Fechado para "deforma"

O que faz o encontro de pessoas formar um time?

O Escutatório nasceu de um encontro. De lá pra cá experimentou dinâmicas, palavras, linguagens e ideias diferentes e, em nenhum momento, foi possível ser Um time. Somos várias e diferentes.  

E estamos aqui de  novo escrevendo a três mãos. Escrevemos porque algo falta nesse mar de letras e posts que insistimos em navegar, mas por vezes, a falta pode ameaçar desaparecer e sem ela não existe movimento, nem escrita. 

Há 3 anos (29/06/2016), quatro mulheres (Mariana Anconi, Anastácia David, Carolina Escobar e Lorena Bitar), se reuniram criando um espaço de articulação, transmissão, diálogo por meio da escrita livre e engajada com o desejo de, para além de falar, escrever psicanálise à nossa maneira, com nossos traços e percursos. Com o rigor que trouxemos de nossa formação com professores que nos estimularam com amor ao invento freudiano. Nos estimularam a olhar para além das imagens formadas ao fundo da caverna. 

Desde então, seguimos, cada uma à sua maneira fazendo psicanálise e apostando nesse saber como um caminho para atravessar a vida. Vida que nos leva dia e noite para encontros com embates e belezas imprevisíveis. Vida que traz e leva, como o mar, metáfora para o movimento constante. Lá e Cá.

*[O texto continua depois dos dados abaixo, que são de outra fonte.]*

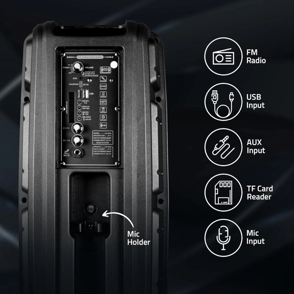 - Multiple Connectivity Modes: FM/USB/Aux In/TF Card & Wireless Mic.
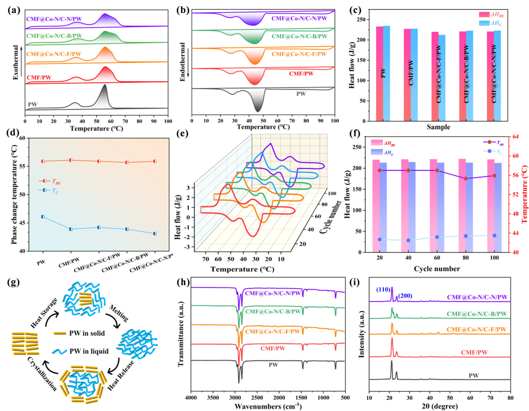 图4. PW、CMF/PW和CMF@Co-N/C/PW 的(a-b) 加热和冷却过程的DSC曲线,(c) 潜热值和(d) 相变温度;(e) CMF@Co-N/C-F/PW在加热冷却循环测试获得的DSC图和(f) DSC数据;(g) PCMs的热能吸收/释放示意图;PW、CMF/PW和CMF@Co-N/C/PW 的(h) FTIR光谱,(i)XRD谱图。
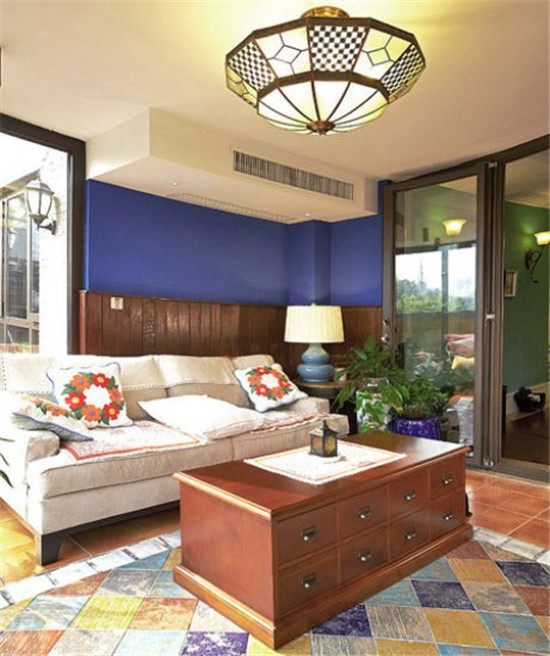 这是一套137平米美式混搭三居,给人眼前一亮的感觉,如果你喜欢颜色鲜艳的混搭家,那么这套装修风格或许可以参考下。
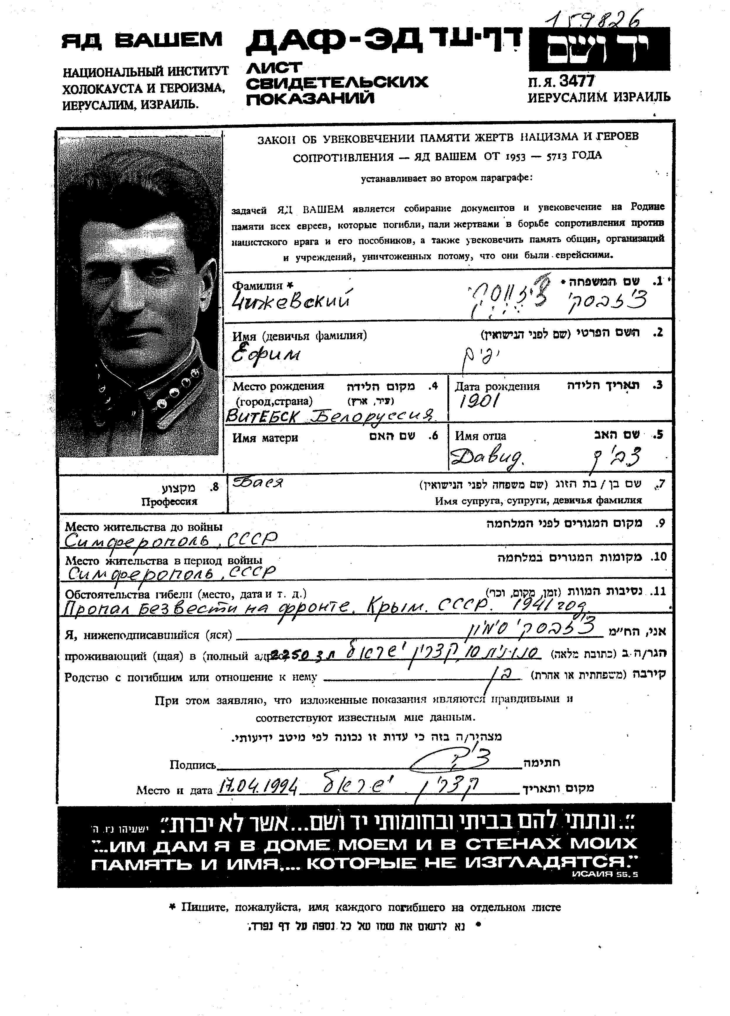 Yefim wurde in der Schoah ermordet. Todesort: Krym ASSR, Russland (UdSSR) im Jahr 1941.
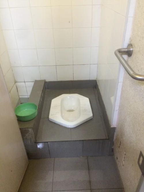 Flushing is a whole different ballgame. There is no automatic-flush. You flush by dumping water into the hole from another bucket of water in the bathroom. The "self-flush." So, not only is water splashing around all over the squat toilet, it’s also all over the bathroom floor. For any squat toilet you use, you'll be wading through a couple inches of cesspool water the entire time you're in there. Umm, gross. No.
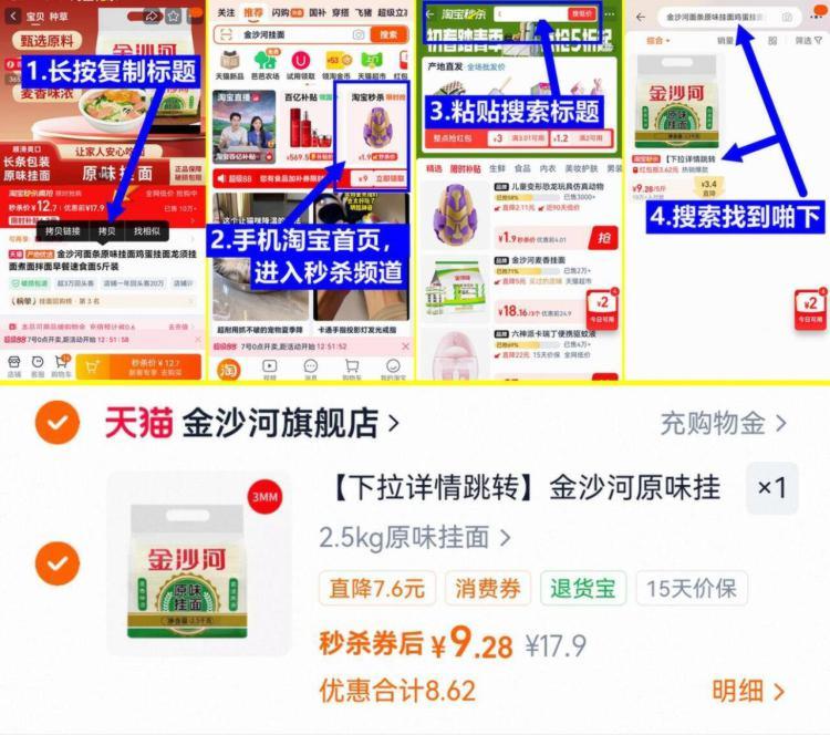 金沙河挂面面条5斤 9元发报员Z2026年04月06日 11:300举报 金沙河挂面面条5斤9元-1.拿券复制标题,先不用拍2.淘宝首页,进入秒刹频道3.粘贴标题搜索找到再啪下https://m.tb.cn/h.ilaL4cN复制文案
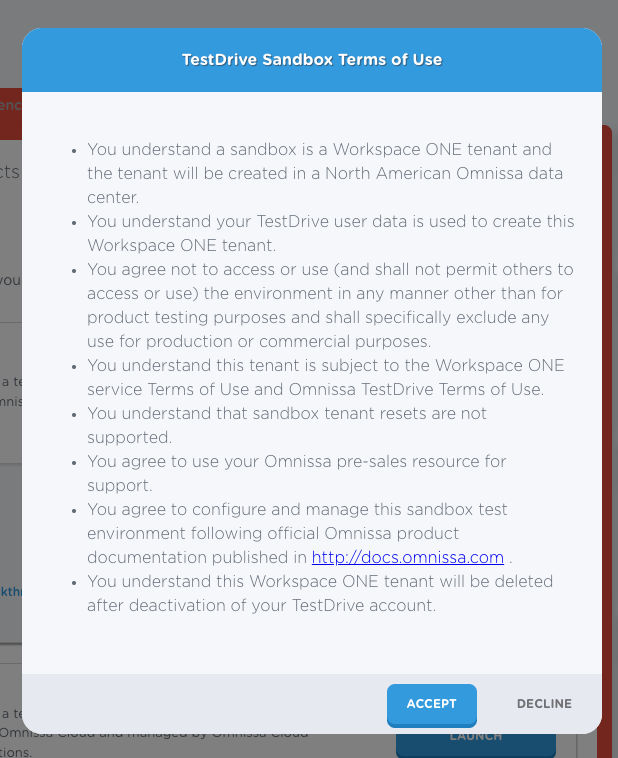 | Review and accept the TestDrive Sandbox Terms of Use. |
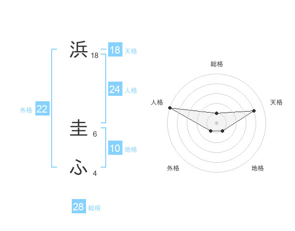 浜 圭ふさんの総格は28画の1点!
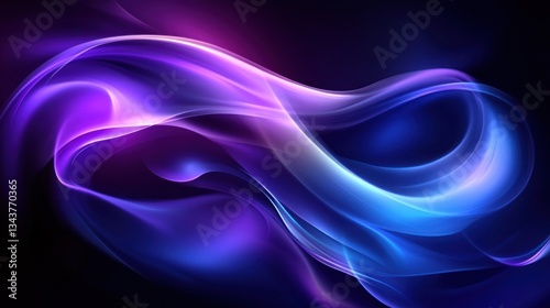 A vibrant abstract design featuring flowing waves of purple and blue light.
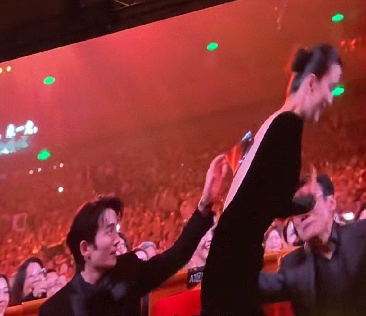 朱一龙:哎,宋佳姐,你背上贴着名字呢,转过来我帮你摘掉。 宋佳:啊,还真有啊,刚才忙着上台没注意,谢谢你啊龙哥。 朱一龙:没事,这贴纸黏得还挺牢,我轻轻弄,别把你衣服扯坏了。 宋佳:你这手法挺熟练,平时没少帮人解围吧? 朱一龙:也不是,就是细心点,别让这种小东西影响状态。再说这环节挺有趣,跟撕名牌似的。 宋佳:哈哈,那可不,金鸡奖主持人大点兵都能玩成综艺现场,你这波操作我给满分。 朱一龙:主要是不想让你带着“标签”上台,咱得漂漂亮亮地亮相。 宋佳:行,那我待会儿也帮你留意,有贴纸马上解决,礼尚往来。 朱一龙:成交,不过真要玩撕名牌,我可不一定输。 宋佳:哟,挑战来了?那咱们台上见真章,看谁先被“撕”掉。
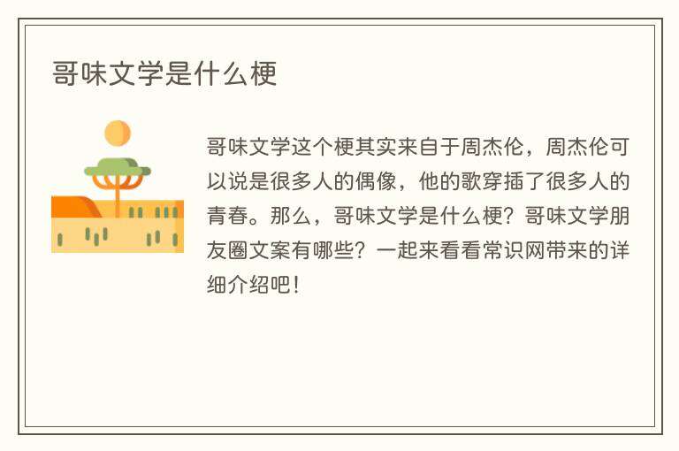 哥味文学这个梗其实来自于周杰伦,周杰伦可以说是很多人的偶像,他的歌穿插了很多人的青春。那么,哥味文学是什么梗?哥味文学朋友圈文案有哪些?一起来看看常识网带来的详细介绍吧!

Hoje somos Mariana, Maiara e Anastácia. Talvez nosso leitor não saiba, mas estamos em diferentes lugares por esse mundo. Maiara em São Luís, Anastácia em São Paulo e Mariana em Nova York. Mas não foi sempre assim. Tivemos encontros (belos!) para pensar temas e propor ideias. Desde o ano passado atravessamos uma fragmentação (im)possível sustentada pelo espaço virtual, tentando compor, articular e construir uma produção em conjunto. 

Dos diferentes lugares, tempos e posições apostamos em uma costura. Em seu significado temos na palavra costura: “ato, processo ou efeito de unir duas ou mais coisas, por meio de pontos”. Mas uma pergunta insiste: Como sustentar o desejo sem a presença do encontro? O virtual dá conta? Ou precisamos do encontro na materialização do corpo? Para nós, isso parece imprescindível em alguns momentos. 

Três anos se passaram: seria o Escutatório um Ateliê? Um Cartel? Dispositivo das escolas de psicanálise onde se assume o envolvimento com uma questão da teoria para ao final sair uma produção que tem a ver com o desejo? Às vezes parece que sim, outras que não… deixemos no ar. 

Chegou a hora de movimentar! Anunciamos que nosso Escutatório estará “fechado para reforma”; ou “deforma” como escolhemos. "Deforma" implica em deformar, sair da forma e da fôrma. O analista para exercer sua função passa por uma formação, mas aposta-se em uma deformação que está atravessada por sua análise pessoal também, que o possibilita operar na função de uma escuta que causa desejo. Um movimento necessário para sua (de)formação.
Contaremos durante um (in)certo tempo com um trabalho de elaboração nosso a respeito do projeto a partir do desejo de cada uma. Fica uma aposta no futuro. Para trocar e transmitir o que precisamos dizer, se não neste, em outros espaços.